=== ACTION ITEM ===
A verbatim restatement of the data, free of pictures, is what you should output.

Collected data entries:
● ● ● ● ● ● ●
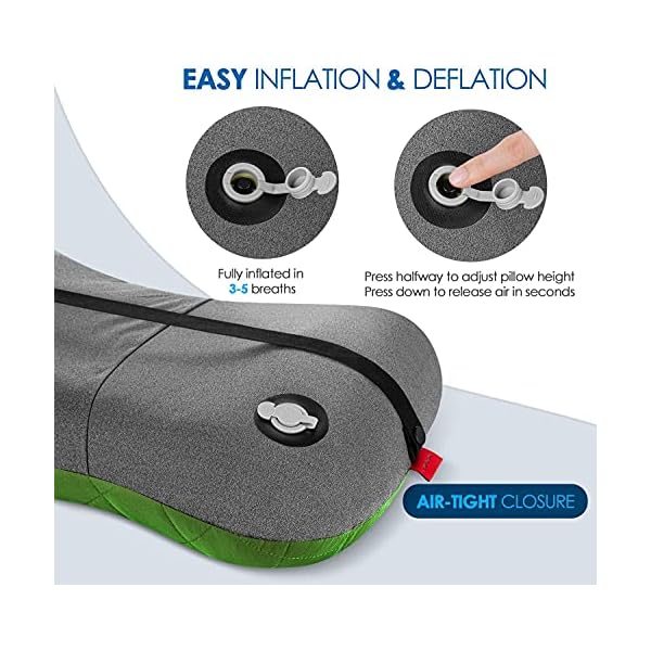 ✨ 𝗗𝗘𝗧𝗔𝗜𝗟𝗦 𝗗𝗘𝗦𝗜𝗚𝗡𝗘𝗗 𝗙𝗢𝗥 𝗬𝗢𝗨𝗥 𝗖𝗢𝗡𝗩𝗘𝗡𝗜𝗘𝗡𝗖𝗘 – With unique ONE-CLICK VALVE, our travel pillow is fully inflated in only a few breaths. Simply click the button and the valve lets air in, without losing air when you take another breath. Click the button again and the hiking pillow deflates just in seconds. Enjoy your sound sleep through night thanks to the DETACHABLE ELASTIC STRAP on the back of pillow which keeps your backpacking pillow in place on e.g. sleeping pads.
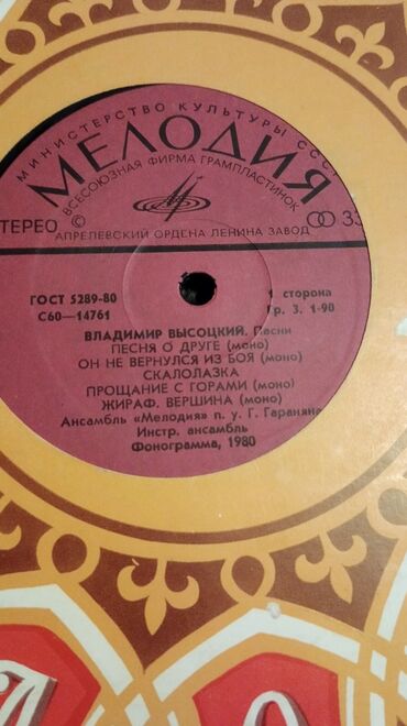 - Vladimir Vısotski – “Песня о друге” və digər mahnılar; etiketdə GOST 5289-80, kataloq nömrəsi C60—14761, mono qeyd, 1980.
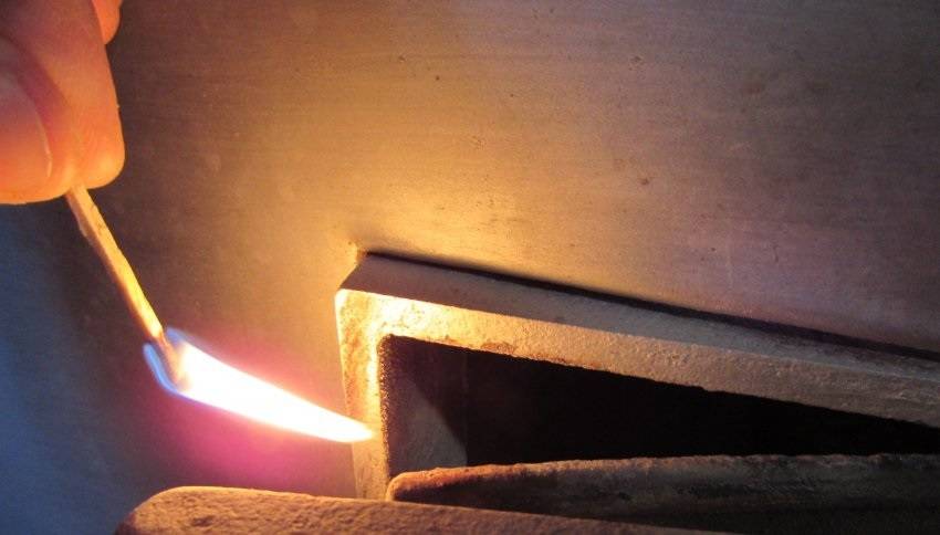 - зажженной спичкой или бумагой, поднесенных к открытой топке;
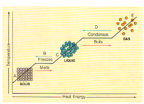 Particles move more quickly when heated because they have more energy. When particles are cooled they lose energy and move more slowly. Changes in the energy, and hence speed of movement, of particles leads to changes of state.
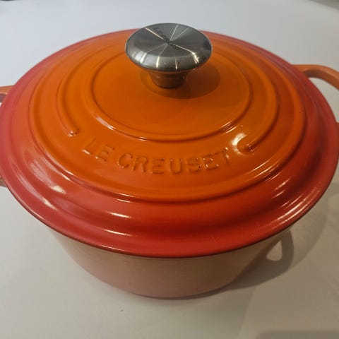 Selger denne da den ikke får plass på kjøkkenet og den kun er brukt noen få ganger. Den har ingen bruksmerker, men litt klister fra Le Creuset-etiketten på siden er der ennå.
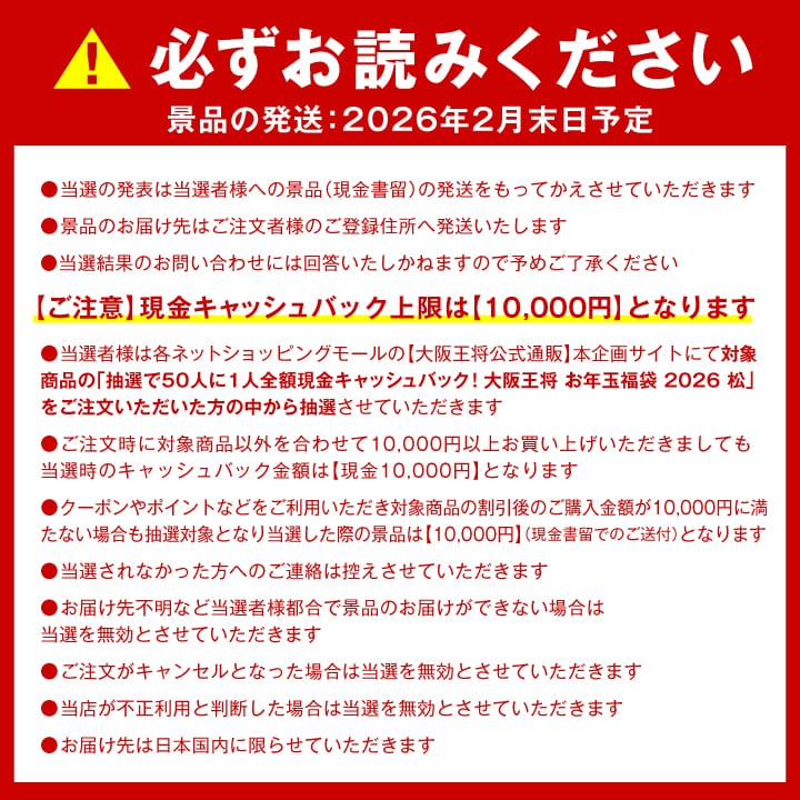 【単品合計17,390円のところ⇒10,000円】抽選で50人に1人全額現金キャッシュバック!大阪王将 お年玉福袋 2026 松<北海道・沖縄は別途追加送料>送料無料 冷凍食品 通販 お取り寄せ 中華 レンチン 簡単調理 備蓄 チャーハン ごはん 米 冷凍餃子 当たる 抽選 現金還元
● ● ● ● ● ● ●
=== EXERCISE SOLUTION ===
 ✨ 𝗗𝗘𝗧𝗔𝗜𝗟𝗦 𝗗𝗘𝗦𝗜𝗚𝗡𝗘𝗗 𝗙𝗢𝗥 𝗬𝗢𝗨𝗥 𝗖𝗢𝗡𝗩𝗘𝗡𝗜𝗘𝗡𝗖𝗘 – With unique ONE-CLICK VALVE, our travel pillow is fully inflated in only a few breaths. Simply click the button and the valve lets air in, without losing air when you take another breath. Click the button again and the hiking pillow deflates just in seconds. Enjoy your sound sleep through night thanks to the DETACHABLE ELASTIC STRAP on the back of pillow which keeps your backpacking pillow in place on e.g. sleeping pads.
 - Vladimir Vısotski – “Песня о друге” və digər mahnılar; etiketdə GOST 5289-80, kataloq nömrəsi C60—14761, mono qeyd, 1980.
 - зажженной спичкой или бумагой, поднесенных к открытой топке;
 Particles move more quickly when heated because they have more energy. When particles are cooled they lose energy and move more slowly. Changes in the energy, and hence speed of movement, of particles leads to changes of state.
 Selger denne da den ikke får plass på kjøkkenet og den kun er brukt noen få ganger. Den har ingen bruksmerker, men litt klister fra Le Creuset-etiketten på siden er der ennå.
 【単品合計17,390円のところ⇒10,000円】抽選で50人に1人全額現金キャッシュバック!大阪王将 お年玉福袋 2026 松<北海道・沖縄は別途追加送料>送料無料 冷凍食品 通販 お取り寄せ 中華 レンチン 簡単調理 備蓄 チャーハン ごはん 米 冷凍餃子 当たる 抽選 現金還元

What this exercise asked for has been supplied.